Marcus Joseph Whelan (27 June 1914 – 31 August 1973) was an Australian rules footballer who played for Collingwood in the Victorian Football League (VFL).

Family
The son of John Whelan and Ellen Margaret Whelan, née Parker, he was born in Bacchus Marsh on 27 June 1914. He married Marjorie Alice Dummett on 14 October 1939.

Whelan's son Shane played for Collingwood between 1967 and 1969; and his granddaughter is the actress/television presenter Nicky Whelan.

Football

Collingwood
Whelan played mostly in the midfield as a centreman, although he played some 40 games at full-back. He was a fine, long drop-kick, and an expert place-kick. Whelan won the Brownlow Medal in 1939 and was also awarded Collingwood's best-and-fairest award, the Copeland Trophy. After fighting in World War II, he returned to the Victorian Football League in 1946 and retired at the end of the 1947 season.
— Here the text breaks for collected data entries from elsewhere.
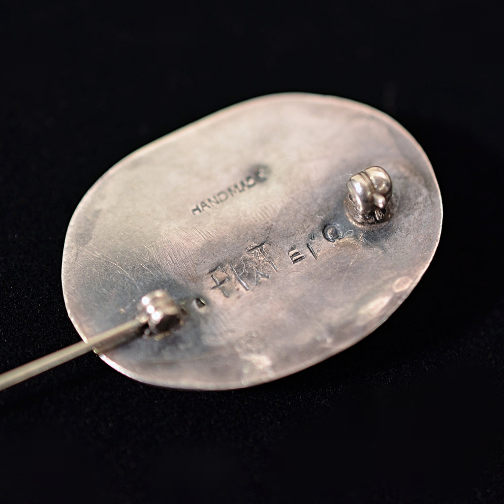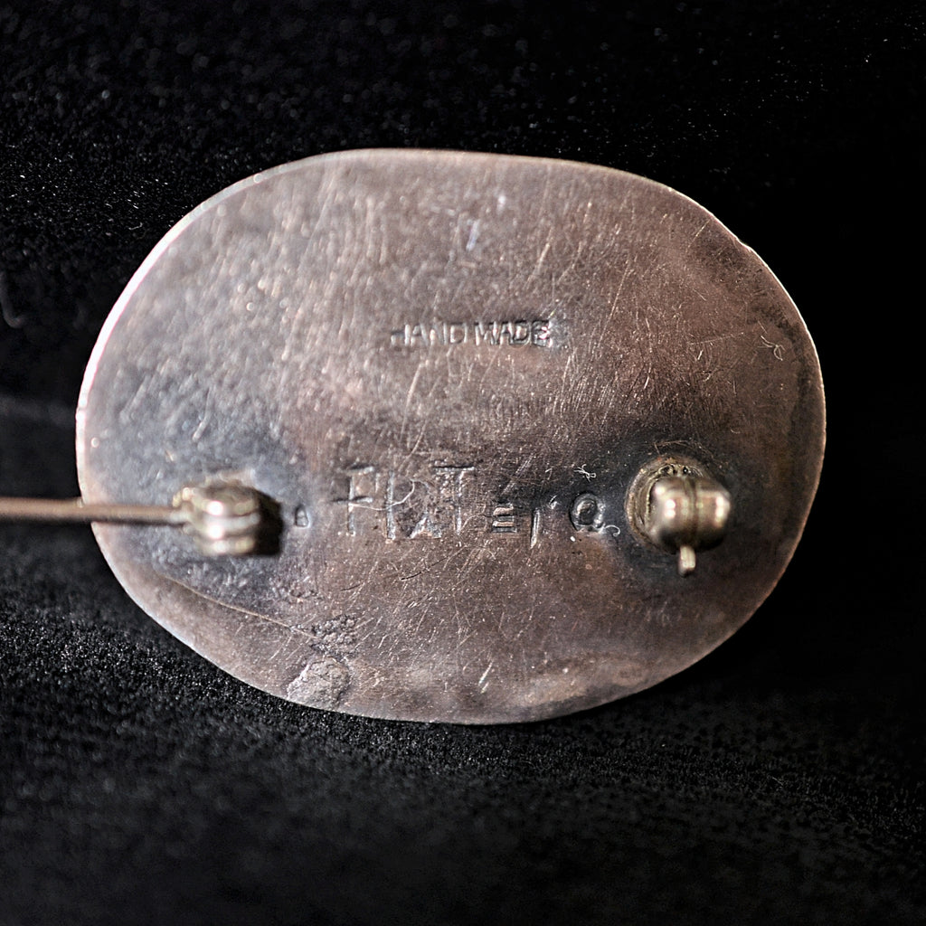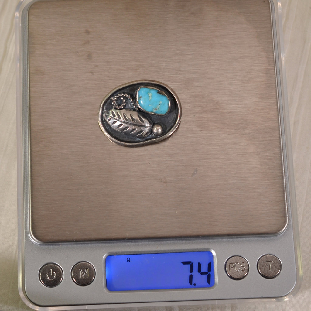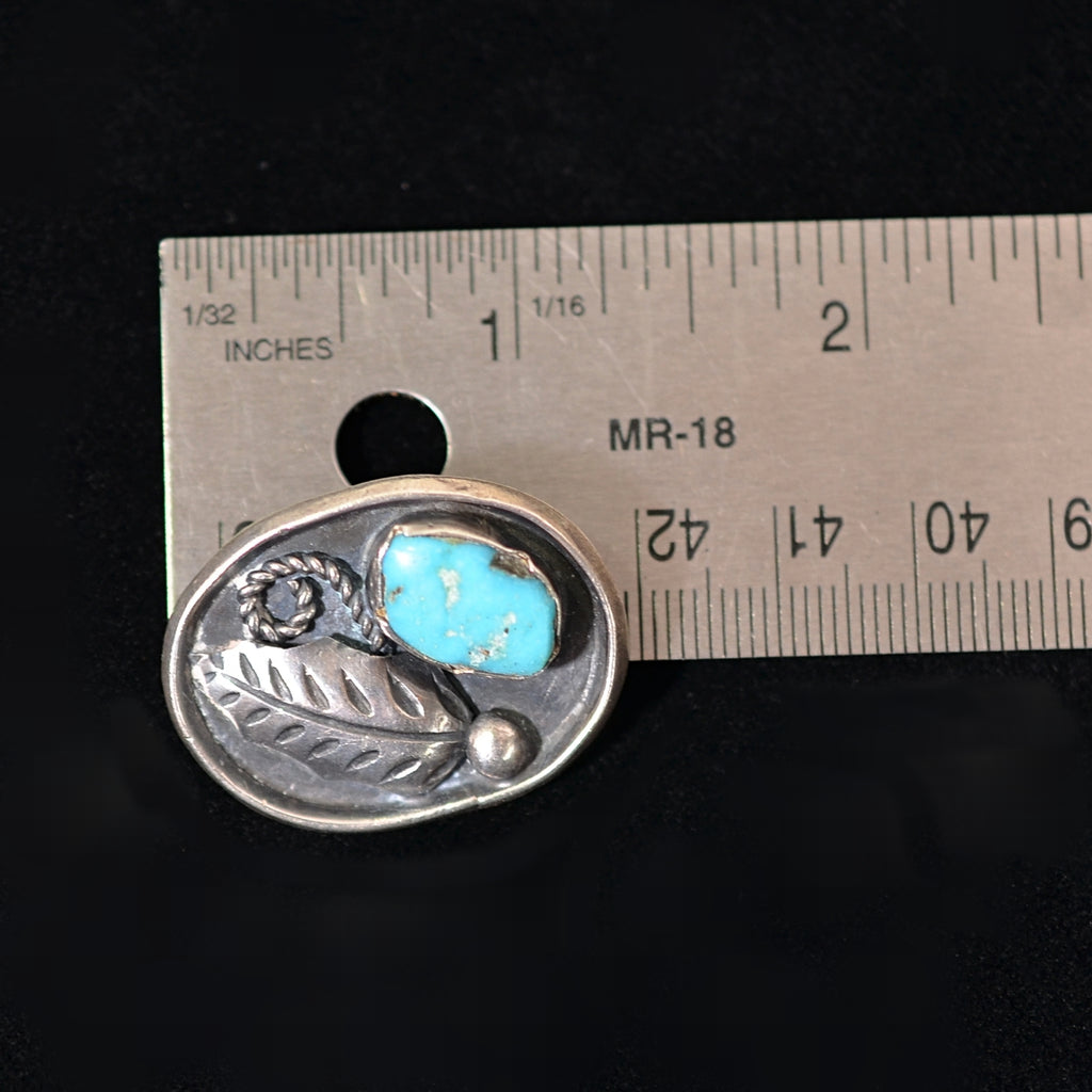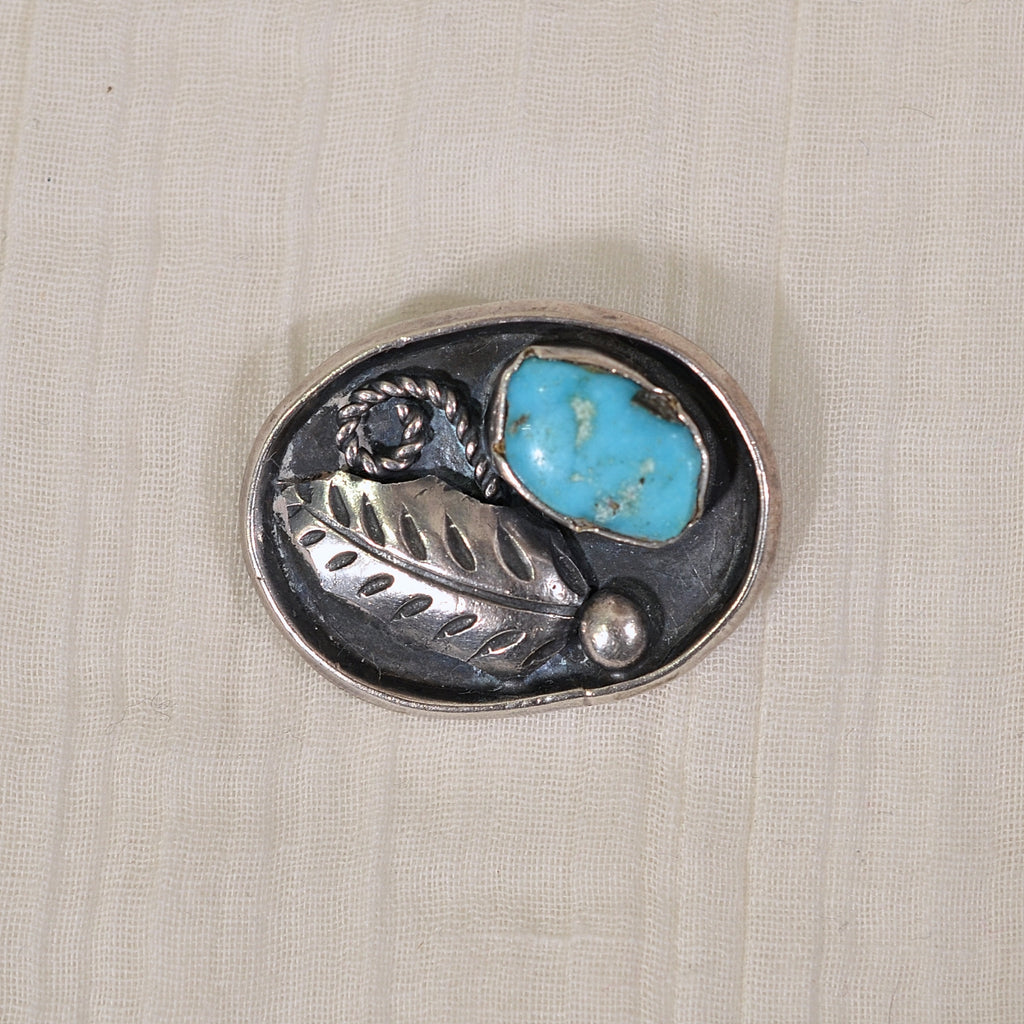 DESCRIPTION: Lovely vintage oval shape sterling silver brooch with a leaf detail and a bezel set turquoise. The piece is signed Platero, it is attributed to Ramone Platero, a Navajo silversmith/artisan. It is not a large piece, but it is very nice. ca. 1970s
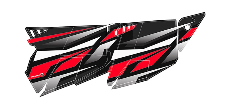 Looking for graphics to complete the look on your RZR and colorways for your Pro Armor RZR XP4 Stealth Doors. Look no further. This Kit Consists of a Black/Silver/Red color scheme this graphic kit will match the colors on your Black Pearl & Ride Command XP4. Made from Arlon brand vinyl and backing for a strong application and withstand elements and fade.
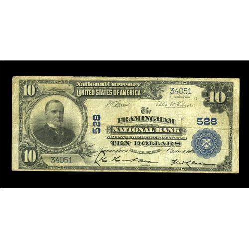<B>Framingham, MA</B></I> - $10 1902 Plain Back Fr. 624 <B>The Framingham NB</B></I> Ch. # 528<BR>This evenly circulated note becomes the fourteenth note off this tough Middlesex county bank. <B>Very Good.</B></I>
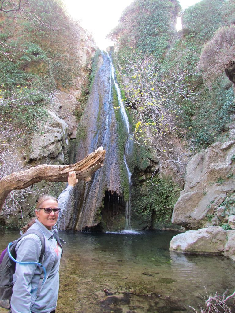 A 40 minute drive towards Sitea brought us to a track signposted to the Rictis Gorge. The cars drove on down the track to reduce some of the distance, until we reached an old bridge and could drive no further. The path passed under the bridge between orange and lemon groves, the river running beside it. Water was running and it was lovely and cool under the shelter of the trees.

Sports journalist Michael Roberts and former Australian rules footballer described Whelan as being "a famously cool, calm and polished performer."

In 1956, Jack Dyer called Whelan one of the best centremen of his time. “He was a spectacular player who could take a brilliant high mark and could hold his own with a ruckman,” Dyer wrote.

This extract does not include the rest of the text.